Manhattan Institute

Princeton and Slavery

Leave it to a university not to know its history.

Since our universities have become intellectual black holes—dead stars which no longer radiate light but instead suck enlightenment into darkness by the irresistible gravitational pull of their collapse—little wonder that whatever they have to say about their own history and slavery is mere obscurantism. But Princeton, for the moment, wins the palm and the laurel for militant ignorance. Here’s an educational institution that, more than any other, could boast of giving us our Constitution and Bill of Rights. Instead, it is engaged in today’s apparently gratifying (if perverse) self-flagellation of counting the ways in which it was complicit with slavery—minor, compared with the ways in which it gave us our liberty.

Yes, lots of slave-owning Southerners attended the College of New Jersey in its early days. And yes, the university’s first six presidents, from the time of its foundation in 1746, owned slaves—not astonishing when you consider that New Jersey did not abolish slavery until 1804, and that even such a vehement abolitionist as John Jay, a founder of the New York Manumission (anti-slavery) Society, also owned a slave or two at one point in his life. America was—to its everlasting shame—a slave-owning republic, until the northern states outlawed it out of a sense of justice and then fought a Civil War to extirpate it from the rest of the nation—not, as W.E. B. Du Bois rightly says, to assert states’ rights, or to adjust borders, but simply out of the moral recognition that slavery was wrong.

Every slave-owning Founding Father knew that it was wrong, including Thomas Jefferson, who wrote into the Declaration of Independence the immortal words that all men are created equal and endowed by their Creator with the unalienable right to liberty, and who wrote later in his life that “When the measure of [the slaves’] tears shall be full, when their groans shall have involved heaven itself in darkness, doubtless a god of justice will awaken to their distress, and . . . by his exterminating thunder, manifest his attention to the things of this world, and that they are not to be left to the guidance of a blind fatality.” And so He did, with His terrible swift sword.

One of those early Princeton presidents—the sixth, John Witherspoon, a signer of the Declaration of Independence—was a Scotch Presbyterian minister who brought to these shores the Scottish Enlightenment that also produced Adam Smith and David Hume, and that bristled with a belief in independence of thought and conscience and radical republicanism. And to whom did this great man impart these beliefs? None other than his favorite pupil, Virginia slave-owner James Madison, who went back home to the Piedmont on fire with the idea of liberty of conscience, an idea that, it so happened, ends only in political liberty for the intellectually consistent, as Madison emphatically was. And so Madison sat in his library overlooking the Blue Ridge Mountains, reading history and political philosophy, until he arrived at the Constitutional Convention of 1787 with a fully formed plan for the Constitution—which, with remarkable political flexibility, he was able to compromise into something that all the representatives could sign and all the states ratify. And when he understood, as leader of the first Congress under the new Constitution, how avid was the nation’s thirst for a Bill of Rights, he wrote one, and passed it through the legislature, sorry that he hadn’t made it his first piece of business.

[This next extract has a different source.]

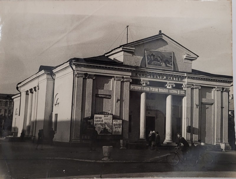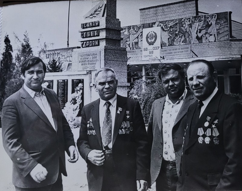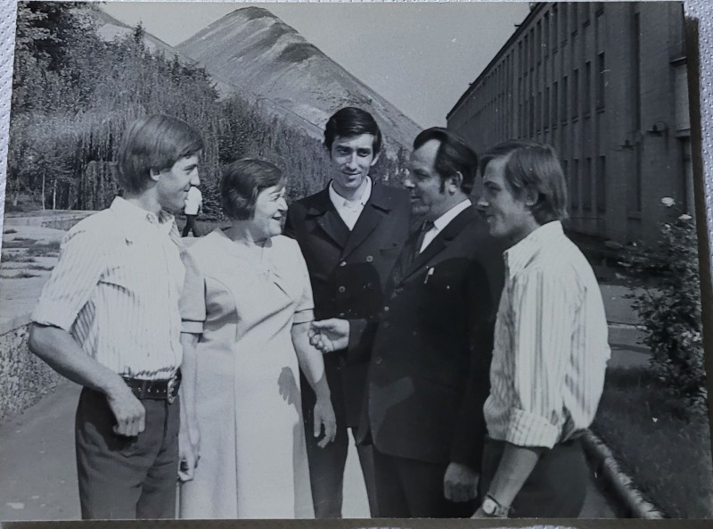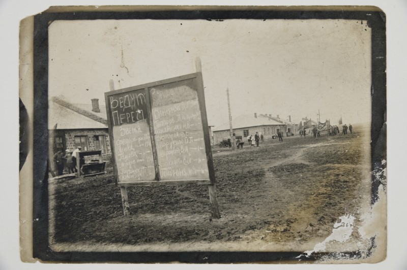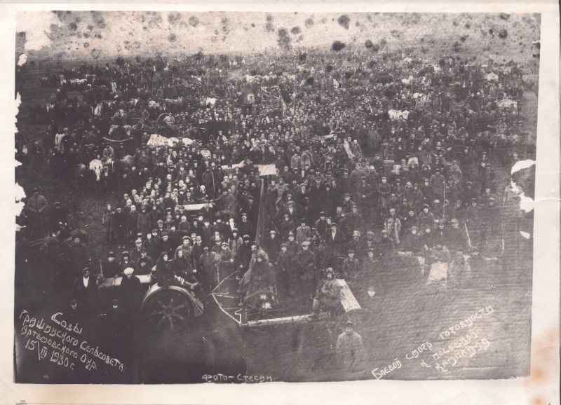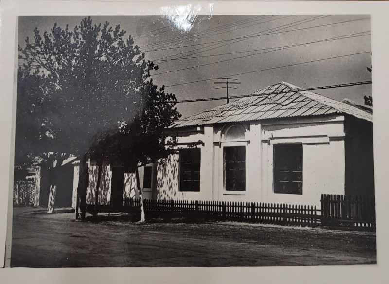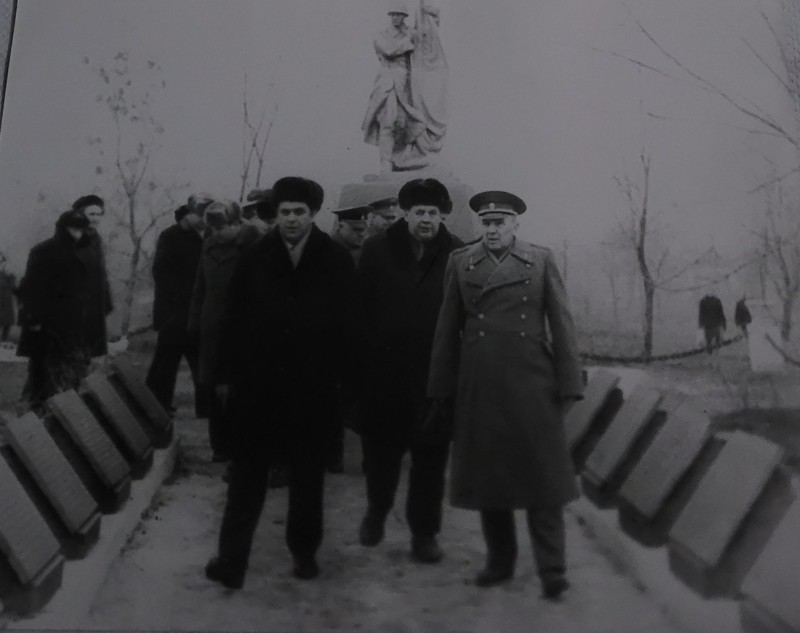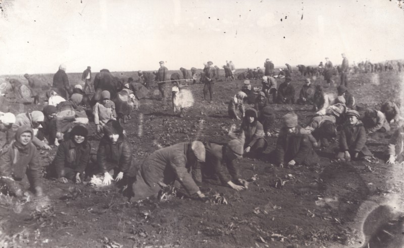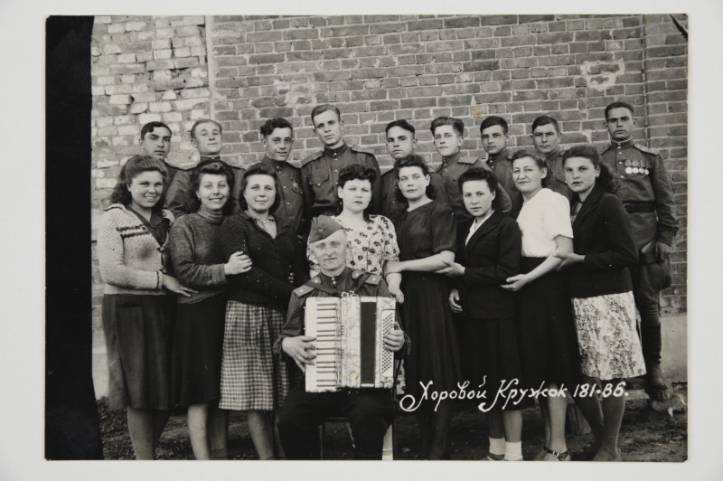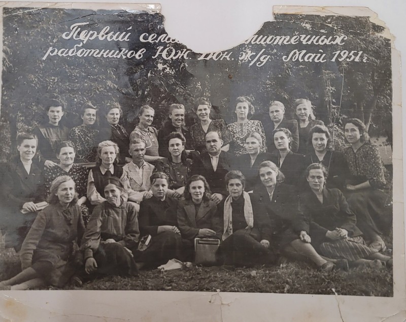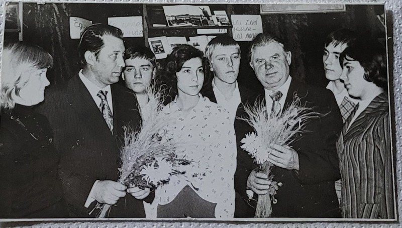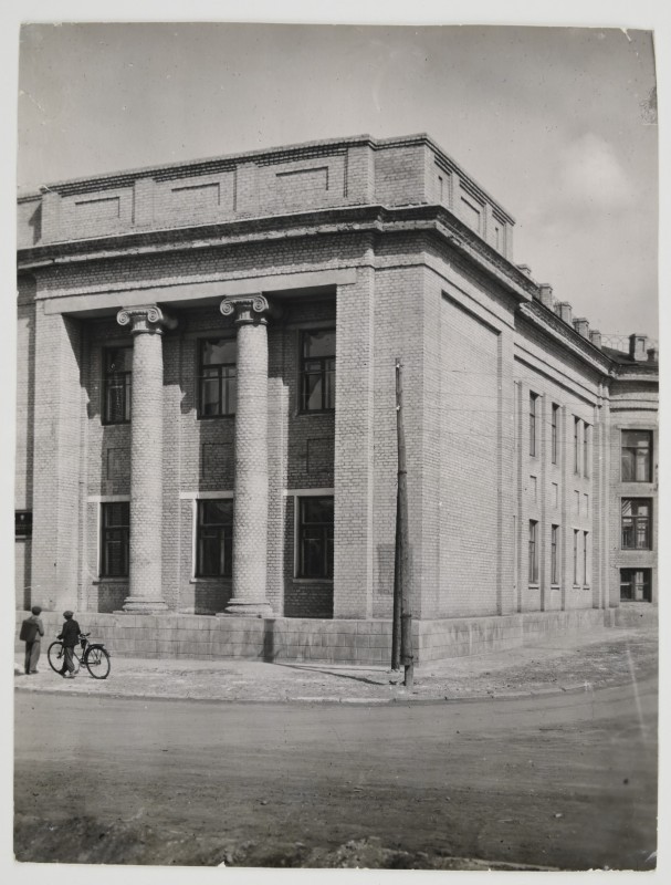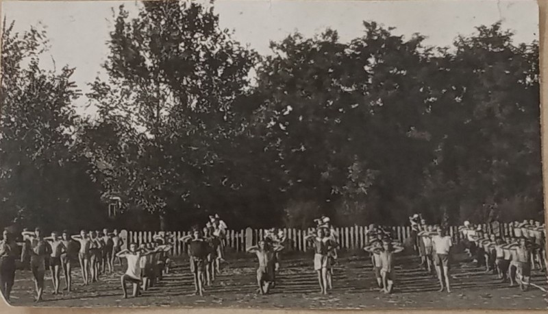 Зображення учнів та викладачів в декілька рядів. Перший ряд – хлопці напівлежачі. Праворуч чорна пляма. На з.п. фрагмент будівлі з двома вікнами. Посередині транспарант з написом білим кольором «1-е Травня».

Princeton is also currently flagellating itself over racist Virginian Woodrow Wilson, its president from 1902 until 1910. Good. Don’t stop. But racism wasn’t the worst of Wilson’s various faults. Above all, he hated his fellow Virginian Princetonian’s Constitution, and explicitly set out to crush it as an anachronism. Not just the Constitution but even the Declaration of Independence. Inalienable rights? “No doubt a great deal of nonsense has been talked about the inalienable rights of the individual, and a great deal that was mere vague sentiment and pleasing speculation has been put forward as fundamental principle,” Princeton’s president pontificated. But these notions are hogwash. And the Constitution framed to protect those inalienable rights is hopelessly obsolete. “Living political constitutions must be Darwinian in structure and practice,” he contended—meaning that the federal courts must become a permanent constitutional convention, with unelected judges continually adapting Madison’s masterpiece “with open minds, sometimes even with boldness and a touch of audacity,” to make it ever “more liberal, not to say more lax.” In practice, what he envisioned was government by “expert” administrators, rather than by the people’s elected representatives. Franklin Roosevelt took up this principle with gusto and steamrolled the Supreme Court when it rightly tried to stop him from carrying out the Wilsonian program to overturn the magnificent experiment in government of, by, and for the people that the Founding Fathers had proposed and that Abraham Lincoln had fought a Civil War to reassert. Now we have the Administrative State, first invented by Prussian chancellor Otto von Bismarck, and guided by Wilson’s tutelary philosopher, Georg W. F. Hegel.

So thanks, Princeton. You didn’t give us slavery, but you did give us “enlightened” despotism. And despotism generally outlasts enlightenment.

Meanwhile, will everyone please stop pretending that by airbrushing the past, Soviet-style, we can change present reality? We can’t. What is, is; what was, was. Face up to it, and then try as hard as you can—and with as much intelligence and historical information as Madison brought to bear—to make the future better.